オリエンタルガールは変身しているので、1994年1月号と1994年3月号のどこかで復活しているのでしょう。たぶん優の持つ不思議な力が関係していると読んでいますけど・・・以前と衣装が変わっているので、よりパワーアップしている可能性が高い。
ここでオリエンタルガールの攻撃を受けたフローリアンが錯乱する。それまでこの「黄色魔術オリエンタルガール」では誰も相手を殺すという意図を持つことはありませんでした。妹を再起不能にされたクインですら、仇のオリエンタルガールを殺すことはないと言い切ってますし、そもそもその妹のクエスもオリエンタルガールは行動不能にしただけでそれ以上の危害は加えておらず、それどころか動けなくなったクエスをレズビオナンのアジトの近くまで送っていっている。前述の通り、このお話では優を除く全ての登場人物は直接的間接的にレズビオナの歓心を得たいと考えているので、行動の目的が殺す殺さないという問題ではないんですよね。
だがしかし、フローリアンは明確にオリエンタルガールと優を殺すと宣言する。オリエンタルガールも「優ちゃんに手をだすことは許さないわ!」とかいって最終最強の必殺技「M16」(なんだろ、このネーミング。やっぱり「YMO」関連かな?雷電の10倍の電荷だそうです。)を出す。これが通じなければ次はないというところで、フローリアンは大ダメージを受けるものの、ギリギリ耐えちゃう。そして反撃。オリエンタルガールを弾き飛ばし、かばう優もろとも次の一撃で殺そうとしたところへレズビオナが介入するものの、これも弾き飛ばされる。いよいよ優とオリエンタルガールにとどめというところで、それまでに蓄積されたダメージや無理なパワーアップのせいか、崩壊(collapse)を起こして自滅しちゃう。ただし気絶しただけで命は落とさない。
そして、レズビオナは全ての事態の終了を宣言。オリエンタルガールの怪我を気遣いながら優を家に送るように頼み、レイ=バッハ博士にはクインたちの面倒をみるように言う。
最後に優はオリエンタルガールとはもう会えないのかと問い、オリエンタルガールは優にキスをしてお終い。数週間後、優の家の机にオリエンタルガールのカードが・・・

これが2002年ごろの某巨大掲示板のヒロピンスレでほんのちょっとだけ話題になった「黄色魔術オリエンタルガール」の単行本の続きということになりますね。あの書き込みをした方(18番目のレスの人)、読んでますかー。完全ではありませんけど、こういう結末だったんですよー。w
そして20数年間、わたくしが心のどこかで恋をし続けた「オリエンタルガール」の結末でもあります。

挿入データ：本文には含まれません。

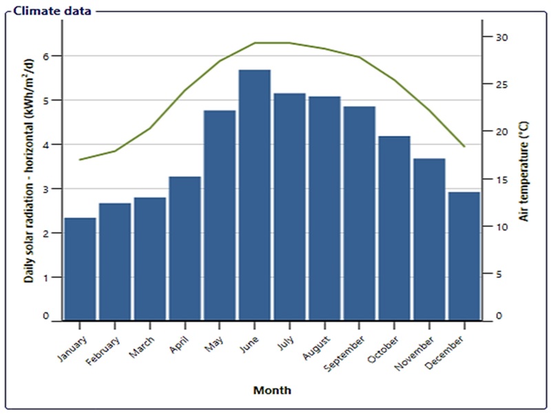 Theo nghiên cứu đăng trên Viện Xuất bản Kỹ thuật số Đa ngành (MDPI) – nhà xuất bản học thuật quốc tế, có trụ sở chính tại Thụy Sĩ, dữ liệu thời tiết trong các chương trình mô phỏng cho thấy thành phố Hà Nội có tiềm năng năng lượng mặt trời trung bình, với tổng bức xạ mặt trời trung bình năm khoảng 3,96 kWh/m2/ngày, tương đương gần 4 “giờ nắng đỉnh” mỗi ngày.

とはいえ、突っ込みどころが多すぎて、どこから突っ込んだらよいか。w
まずなんといっても「オリエンタルガール」の正体があっさり知れちゃうのがつまらない。いずれ知れるにしても、それに意味をもたせて欲しいところですね。レズビオナ様はオリエンタルガールの本名がミニス=トゥリーだということを知っても特になにか変化をおこすわけでもない。全体の話の流れから行くと、ミニス=トゥリーもレズビオナン帝国の一員のような気がするんですけど、それを知っても特に反応も示さないし、これは正体を知りたかったというより、「オリエンタルガール」の特別な能力について知りたかったのかもしれませんね。
その能力、他のアクトレスが変身しないのに対してオリエンタルガールは変身という特別な能力を持っているようです。正体を隠蔽するための能力なんでしょうけど、上記のとおり、変身前と変身後では口調を始め人格も変わるようで、変身した状態では凛々しくて、変身を解いた状態では普通にレズビオナ様に従順という二面性はよろしいですね。萌える。w

戦いというか騒動(これは騒動というのがふさわしいと思います。w)の原因がレイ=バッハ博士がレズビオナ様を独占したかったというのは、これはちょっとなぁ。まあ全体として、殺す殺さないの話がほとんどでてこないということで、そういう愛憎とかの甘い理由付けのお話でも整合性はあると考えられないこともないんですけど、やっぱりここはもう少しシリアスに行って欲しいところでした。
このお話、登場人物のうちフローリアンを除いては本当に悪い奴がいないんですよ。レイ=バッハ博士はなんらかの復讐のため(例えば恋人として愛していたアクトレスをレズビオナに奪われたとか、無理な指示に従って調整して死なせてしまったとか)に陰謀をめぐらして欲しかったですね。オリエンタルガールはレイ=バッハ博士と利害が一致する(奪われた、あるいは死んじゃったアクトレスの妹だとかで同じようにレズビオナに復讐を誓っているとか)立場の方が面白いと思います。
レズビオナ様も最後の方では良い人になってるし。唯一の悪役のフローリアンも含めて、もちろん優やオリエンタルガールも気にかけているようです。
となるとフローリアンが気の毒ですよ。人一倍、レズビオナへの執着が強いだけなのにレイ=バッハ博士の容赦ない妨害の犠牲になっただけ。ちょっとかわいそう。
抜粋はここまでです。